Studio album by Beach House
- Released: February 26, 2008
- Recorded: August–September 2007
- Studio: Lord Baltimore (Baltimore, Maryland)
- Genres: Dream pop; lo-fi;
- Length: 44:10
- Label: Carpark

Beach House chronology
| Beach House (2006) | Devotion (2008) | Teen Dream (2010) |

= Devotion (Beach House album) =

Devotion is the second studio album by American dream pop duo Beach House. It was released on February 26, 2008, through Carpark Records. Internationally, it was also released by Bella Union in Europe and Mistletone Records in Australia. Serving as the follow-up to their self-titled debut studio album, Beach House (2006), the album was written in the early months of 2007 and was recorded at Lord Baltimore through August and September of that year.

To promote Devotion, Beach House released music videos for "You Came to Me", "Heart of Chambers" and "Gila". They also went on tour with indie pop band Papercuts throughout 2008. The album was released to mostly positive reviews from music critics and became Beach House's first album to enter the Billboard 200 chart, debuting at number 195, selling roughly 3,000 copies upon its release. As of April 2012, Devotion has sold 49,000 copies in the United States according to Nielsen Soundscan.
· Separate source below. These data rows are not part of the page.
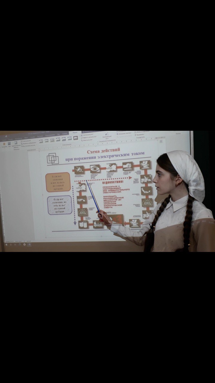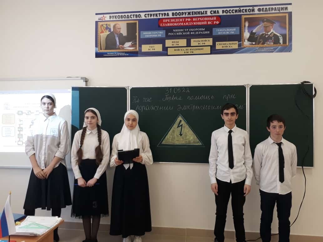 Участие отряда «Юнармия» в проведении классного часа на тему: «Первая помошь при поражении электрическим током»
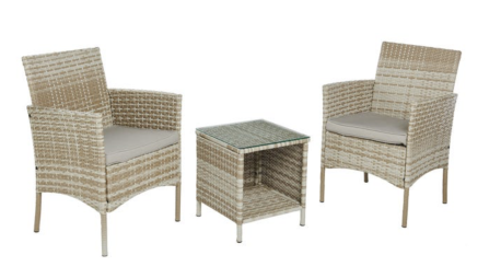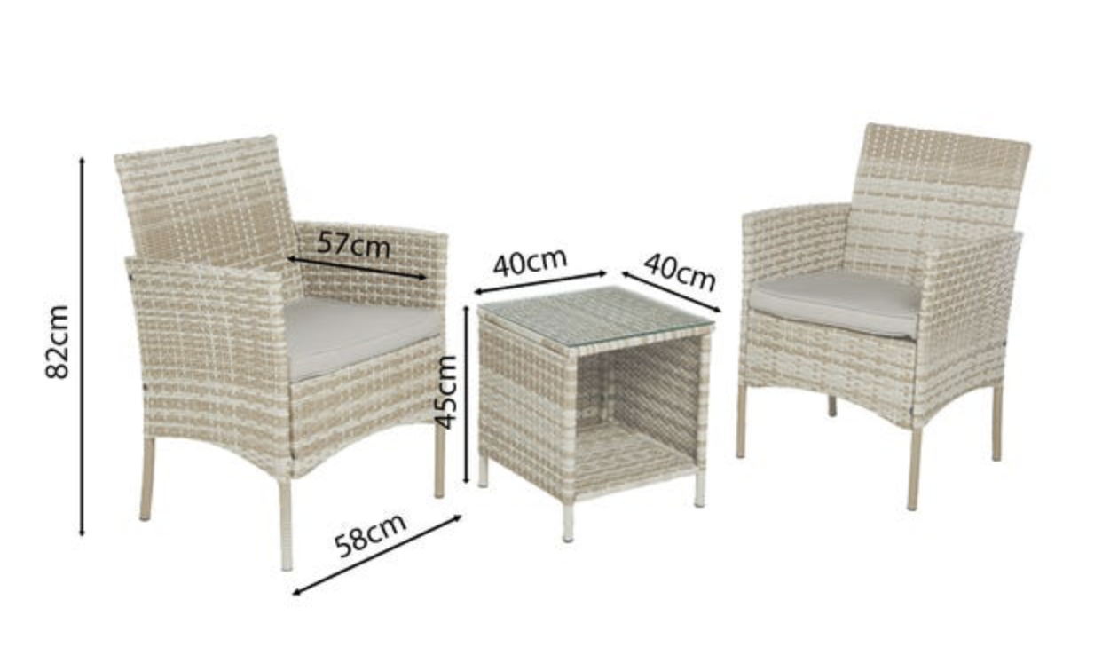 Zestaw składa się z dwóch foteli oraz małego stolika, co czyni go idealnym do stworzenia przytulnego kącika do relaksu na tarasie lub w ogrodzie. Fotele mają wymiary 58x82x57 cm, zapewniając wygodę podczas odpoczynku.
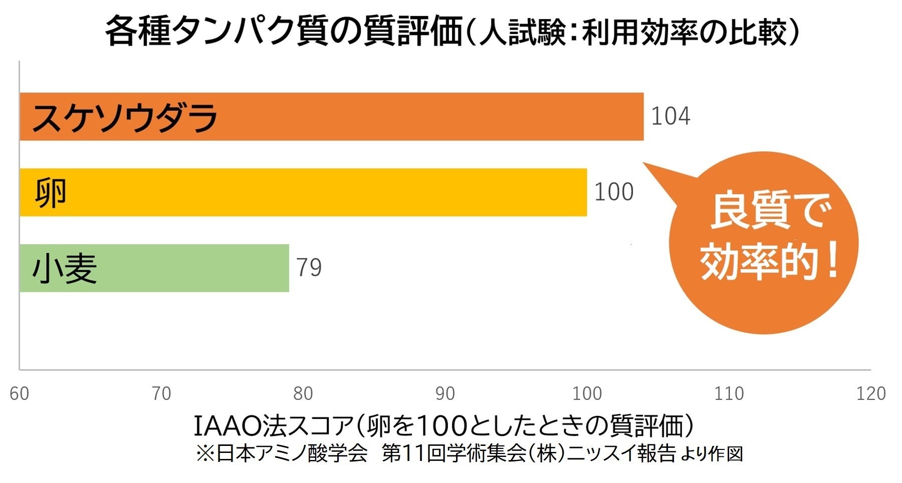 ニッスイ社の機能性研究では、白身魚のスケソウダラの「速筋タンパク」はタンパク質の質(体へ利用される割合)が良く、良質なタンパク質であることが確認されています。

==Background and recording==
Beach House was formed in 2004, when vocalist Victoria Legrand met guitarist Alex Scally in Baltimore's indie rock scene. They gained recognition in August 2006, after their song "Apple Orchard" was featured on a Pitchfork MP3 mixtape, and the duo later released their self-titled debut album in October of that same year, which was recorded on a 4-track over a two-day period in Scally's basement. In June 2007, they revealed, in an interview with Pitchfork, that they were working on their second studio album, adding that they were again working with Rob Girardi at the Lord Baltimore Recording studio. In October of that year, they officially announced the album and its title as Devotion.

The duo began writing Devotion within the first half of 2007, starting the recording process in July 2007, with the usage of an old Yamaha keyboard that became the "main instrument of the band", according to lead vocalist Victoria Legrand. While recording the album, the duo recorded a few songs with working titles, including "Wedding Bell" and "A Monster", as well as a set that were worked on since their self-titled debut album. "Heart of Chambers" was written at a practice space near I-83 in Baltimore, after they got noise complaints from their neighbors while recording at Scally's house. The duo also recorded a Daniel Johnston cover of "Some Things Last a Long Time," which they tried to record all of its verses at some point but felt it sounded "excessive".

== Composition ==
Drowned in Sound said the album has "the sound of atrophied romance, obscure regrets and flickering confetti set to a shoegaze siren call that brought to mind the likes of Mazzy Star and Slowdive whilst gently asserting a hushed authority all of its own," further stating that the "funereal organ and sparse, chintzy beats remain, but the sound is more fleshed-out and vivid with harpsichord and lushly textured keys, Alex Scally's slide guitar in particular more languidly expressive than ever." Slant Magazine stated the duo are "the Gillian Welch and David Rawlings of folktronica, dream pop, or whatever", adding that the album is "mostly quiet strumming, jangling percussion, and busy, elegiac keyboards."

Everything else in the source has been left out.